Google’s documentation shows that Multi-Channel Funnels distinguishes Assisted Conversions from Last Click or Direct Conversions instead of folding them into ordinary last-click reporting. In Universal Analytics, assisted metrics are surfaced in the MCF reporting suite and explicitly contrasted with last-click metrics. The main caveat is that this terminology belongs to UA, not GA4’s current reporting model.

“A voice coil motor (VCM) used for smartphone autofocus has no gears and no friction.”

Mostly False 3/10

Smartphone autofocus VCMs are generally gearless, but they are not frictionless. Stronger technical sources describe direct electromagnetic motion alongside real mechanical suspensions, guides, springs, or contact surfaces where friction and wear must be managed. The claim overstates a true feature of VCMs and turns it into an inaccurate absolute.

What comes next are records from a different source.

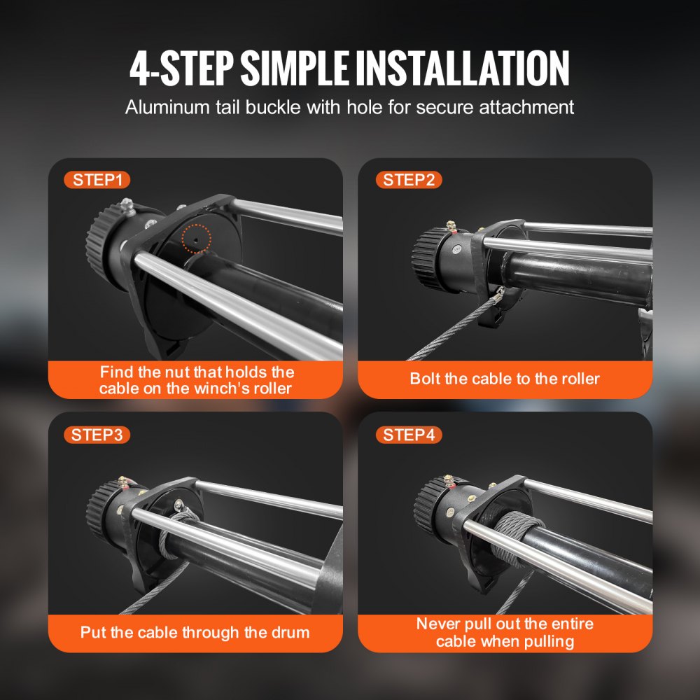 Łatwa instalacja: Instalacja jest banalnie prosta dzięki naszemu 4-etapowemu montażowi! Wystarczy przywiązać, nawlec i gotowe – ale unikaj wyrwania całej liny wyciągarki podczas użytkowania. Aby zapobiec przecięciu liny przez ostre krawędzie płyty prowadzącej, zalecamy zachowanie odstępu co najmniej 3/8 do 1/2 cala (ok. 9,7 cm) między otworem prowadzącym linę a krawędziami płyty montażowej.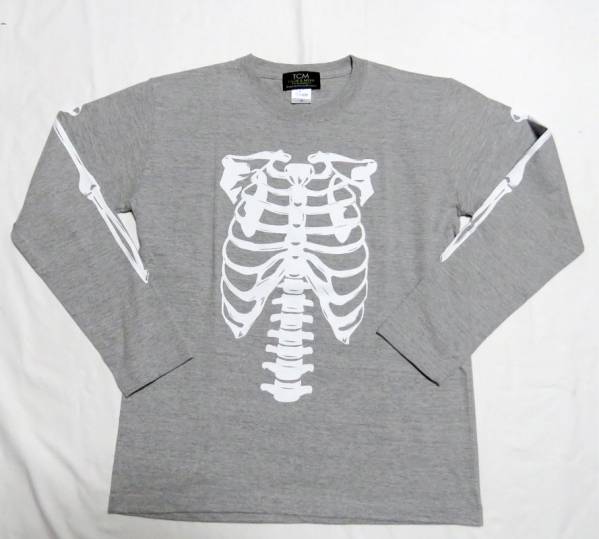 - ボーン骨スカル骸骨TシャツTCM(鎖骨有り)前後no3ロンTグレイM
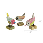 Primitive shapes and charming hand-painted details are the simple recipe creating this lovable flock of birds. Not intended as a toy.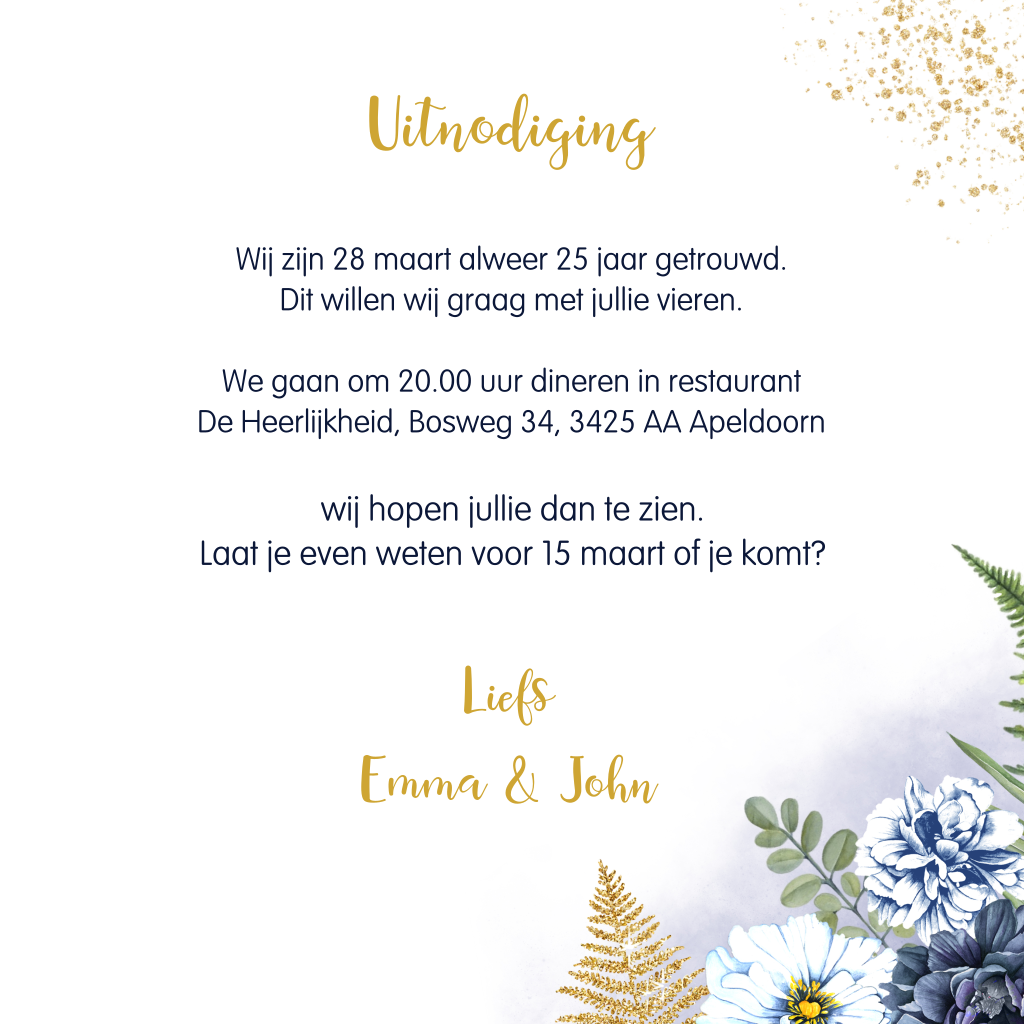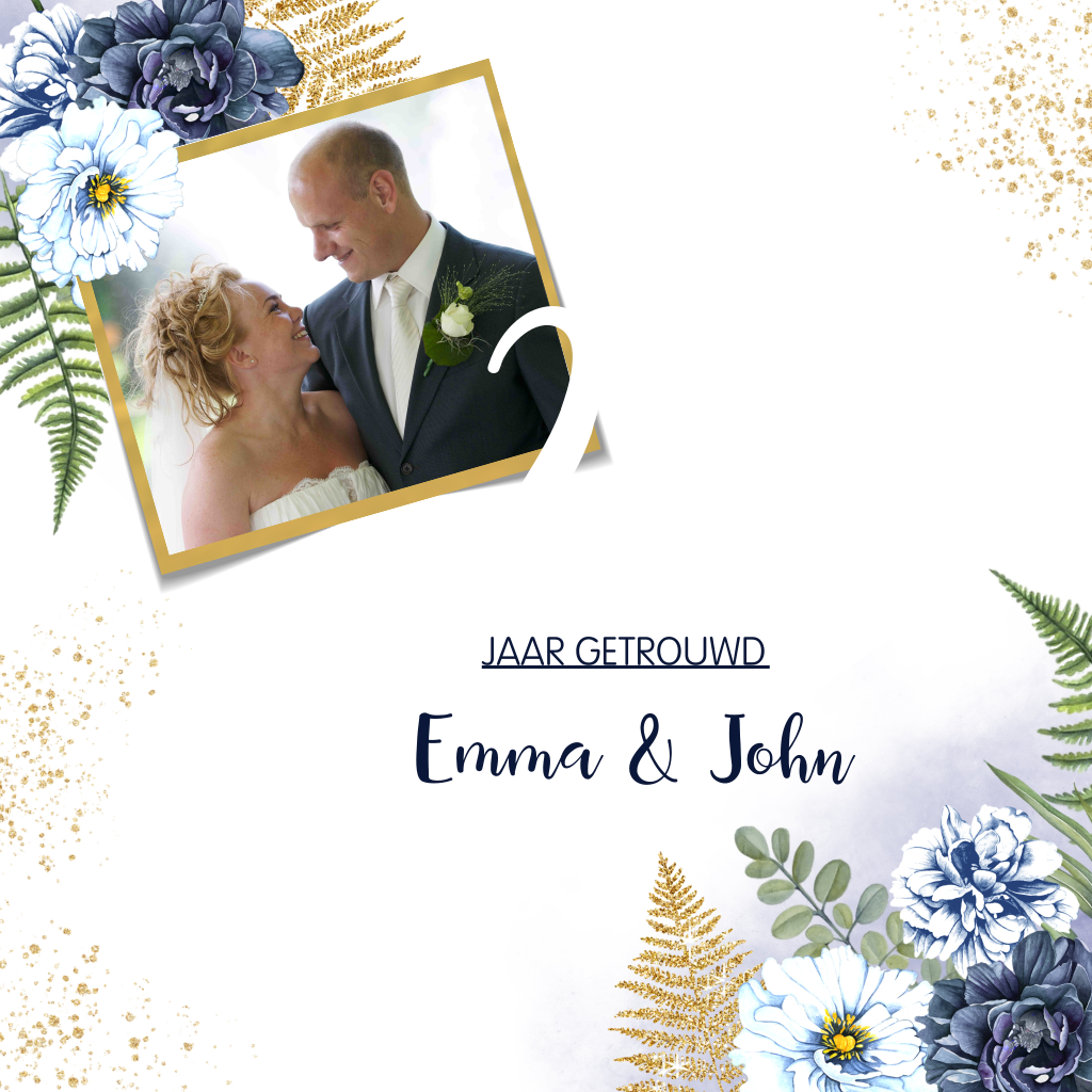Romantische, aquarel jubileumkaart met tekst in goudfolie en watercolour bloemen. Voorop staan gouden spetters en een foto met een kader.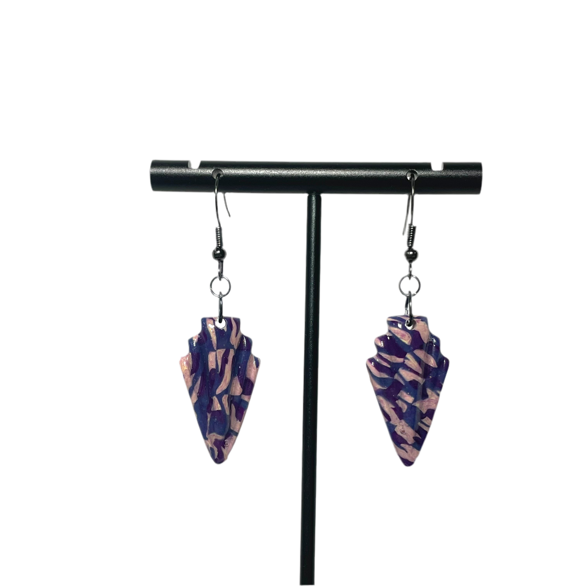 Glossy finish. Black-plated nickel steel findings. Each pair is unique in its pattern.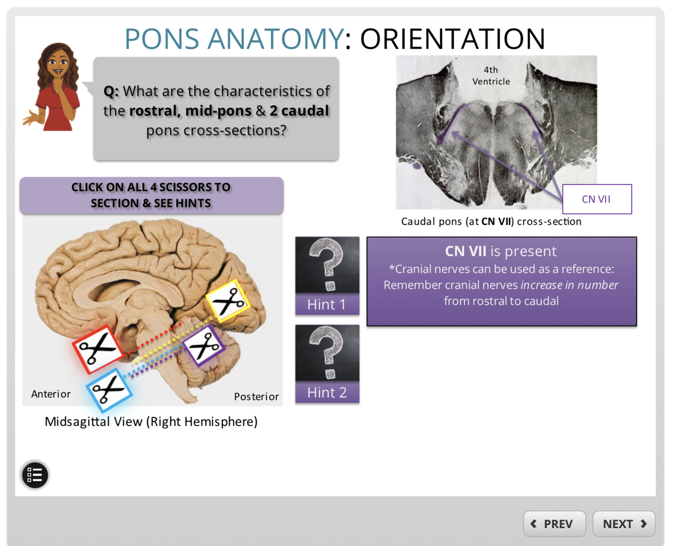 What does the cross section of caudal pons (CN VII) look like?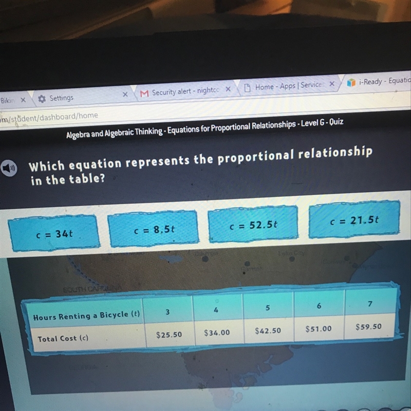 Answer: The equation that represents the proportional relationship in the table is: Second option: c=8.5t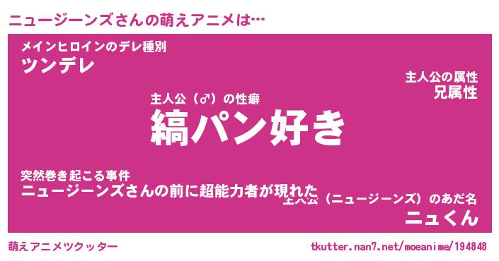 | 男性向けラノベタイトル風あだ名 | 『ニュージーンズの憂鬱』 |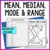Mean Median Mode Range Coloring Activity Measures of Central Tendency Worksheet

“A smartphone camera autofocus system needs to achieve focus in under 100 milliseconds.”

Mostly False 3/10

The evidence does not support a universal under-100 ms autofocus requirement for smartphone cameras. Reliable sources show a wide range of autofocus and capture times, with many working devices operating above 100 ms while remaining commercially normal and usable. Sub-100 ms is better described as a fast, high-end target under favorable conditions than as a system-level necessity.

“A typical smartphone is roughly 8 millimetres thick.”

True 9/10

The evidence supports this as a sound rule of thumb. Official specifications from major manufacturers place many mainstream smartphones around 7.6-8.3 mm thick, making “roughly 8 millimetres” a fair description of a typical handset. Thickness varies by segment, and quoted dimensions usually exclude camera bumps, but those details do not change the basic picture.

“A smartphone camera lens physically moves forward or backward to focus on objects at different distances.”

Mostly True 8/10

The core explanation is correct: most autofocus smartphone cameras focus by moving a lens element or lens group slightly forward or backward. The statement is too broad, though, because some phone cameras are fixed-focus and some newer designs can change focus without the same mechanical movement. The practical takeaway remains accurate for most modern autofocus phone cameras.

“A piezoelectric motor can mechanically hold its position when power is cut (off-power holding), whereas a voice coil motor (VCM) requires current to hold position.”

Mostly True 8/10

The claim captures the usual engineering distinction. Many piezo motors can hold position off power through frictional or self-locking mechanics, whereas standard voice-coil motors are back-drivable and typically need continuous current to hold force or maintain position under load. The caveat is that this is not universal: some piezo-based actuators are not mechanically self-locking, and specialized VCM systems can achieve zero holding current with added design features.

“In a voice coil motor (VCM), the magnetic field is provided by a permanent magnet, and the lens position is controlled by varying the current through a copper coil.”

True 9/10

The statement accurately describes the basic operating principle of a voice coil lens actuator. In standard VCM designs, a permanent magnet supplies the static magnetic field, and changing current in the coil changes the force that moves the lens. Some implementations add springs, biasing, or feedback, but those details do not negate the claim’s core mechanism.

“A voice coil motor (VCM) autofocus module typically uses a return spring so that when current is reduced or cut, the lens moves back toward a rest position.”

True 9/10

The claim matches how most mainstream VCM autofocus modules are designed. Technical sources describe the lens carrier as suspended by springs or flexures, with position set by the balance between magnetic drive force and restoring force. When current is reduced or removed, the lens typically returns toward a default rest or park position, though some less common VCM variants behave differently.